TBSラジオ「ライムスター宇多丸のウィークエンド・シャッフル」にて、毎年春と秋に放送される「推薦図書特集 feat.伊藤聡」。「空中キャンプ」の伊藤さんをお迎えして、オススメの本たちを紹介するコーナーで、わたしも楽しみにしています。

今回伊藤さんが紹介されたうちの一冊が、この「父と息子のフィルム・クラブ」という本。

不登校の息子に父が贈った120本の映画とは? 「学校に行きたくない」と言う息子に、父は「わかった。その代わり週に三本一緒に映画を見て、感想を話し合おう」と誘う。最初は「大人は判ってくれない」、その次は「氷の微笑」。恋愛事件に息子の裏切り、そして自らの失業のときも、ずっと映画がそばにあった。あれから四年、いま新しい関係の扉が開く――。

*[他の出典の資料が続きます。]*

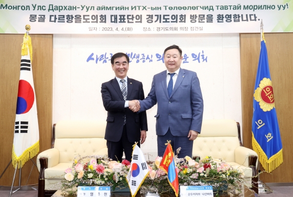한편 경기도의회는 2014년 3월 14일 다르항올 도의회와 우호교류협력 합의서를 체결한 이래 총 12회에 걸쳐 상호 방문하고 경기도 불용 소방차량을 전달하는 등 친선관계를 맺어왔다.
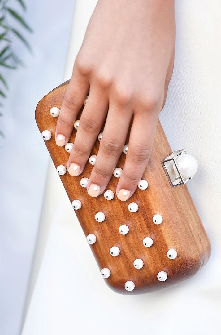Покрой ногти лаком телесного цвета в два слоя и на каждый у основания наклей жемчужную стразу.
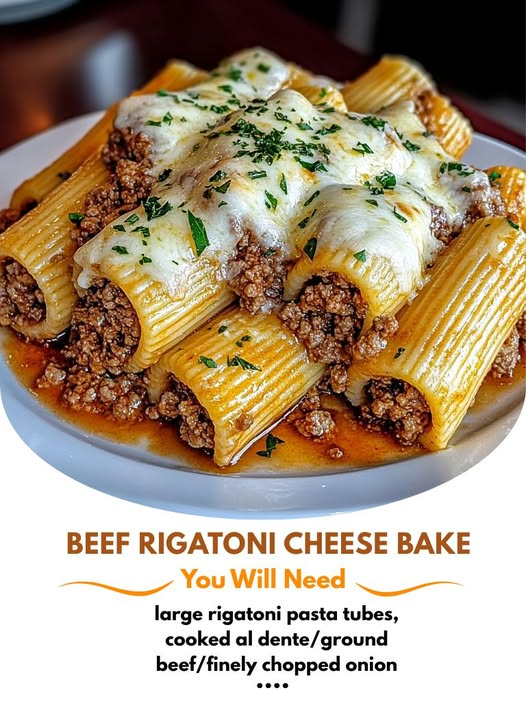 Indulge in the ultimate comfort food with this Cheesy Beef-Stuffed Rigatoni Bake! Perfectly cooked rigatoni tubes are filled with savory ground beef and onion, smothered in marinara sauce, and topped with melty mozzarella. It’s a hearty, crowd-pleasing dish ideal for family dinners or special gatherings.

ラジオで聴いたときからこれは絶対読もうと思っていたのですが、とても良い一冊でした。
高校をドロップアウトした息子と、映画評論家の父の間に交わされた「週に三本一緒に映画を見る」という約束。
ガールフレンドのことや自分の将来など、ティーンらしい様々な悩みを抱える息子の心理状態に合わせて映画をチョイスし、それについて親子で映画談議を行っていきます。

出てくる映画はクラシック映画が多いですが、父が毎回トリビア的なものを教えてくれるのが面白いです。
(イーストウッドは、撮影中に「アクション!」とは決して言わない。低い声で静かに「用意はいいかな?」と言う、等)
映画を選ぶ趣向も絶妙で、ラジオで伊藤さんも話していましたが、自分がスコセッシ作品を選ぶならば「グッドフェローズ」だけれど、この父親のチョイスは「ミーン・ストリート」だったり、そういう「あーそこ来るの!」的な感じでも楽しめます。

とはいえ、主にスポットが当たるのは息子の成長していく姿と、それを見守る父の姿。息子がいるお父様はぜひ読んでみては。

父と息子のフィルム・クラブ
デヴィッド ギルモア
新潮社
売り上げランキング: 26338

映画好きな母の影響でわたしも幼い頃からよく映画を観ていましたが、幼稚園のときに観た「羊たちの沈黙」「オーメン」「エルム街の悪夢」あたりは未だにトラウマです。子供とフィルム・クラブ、素敵ですが、チョイスは間違えないようにしないとね。
あとツイン・ピークスもトラウマだなぁ。

「推薦図書特集」はPodcastでも聴けるので、みなさまぜひ。
9/29 サタデーナイトラボ「秋の推薦図書特集」【前編】
9/29 サタデーナイトラボ「秋の推薦図書特集」【後編】
空中キャンプ – 9/29(土)放送の「ライムスター宇多丸のウィークエンドシャッフル 推薦図書特集 feat. 伊藤聡」で紹介した4冊の解説と補足

次は、イーユン・リーの「千年の祈り」を読んでみよう。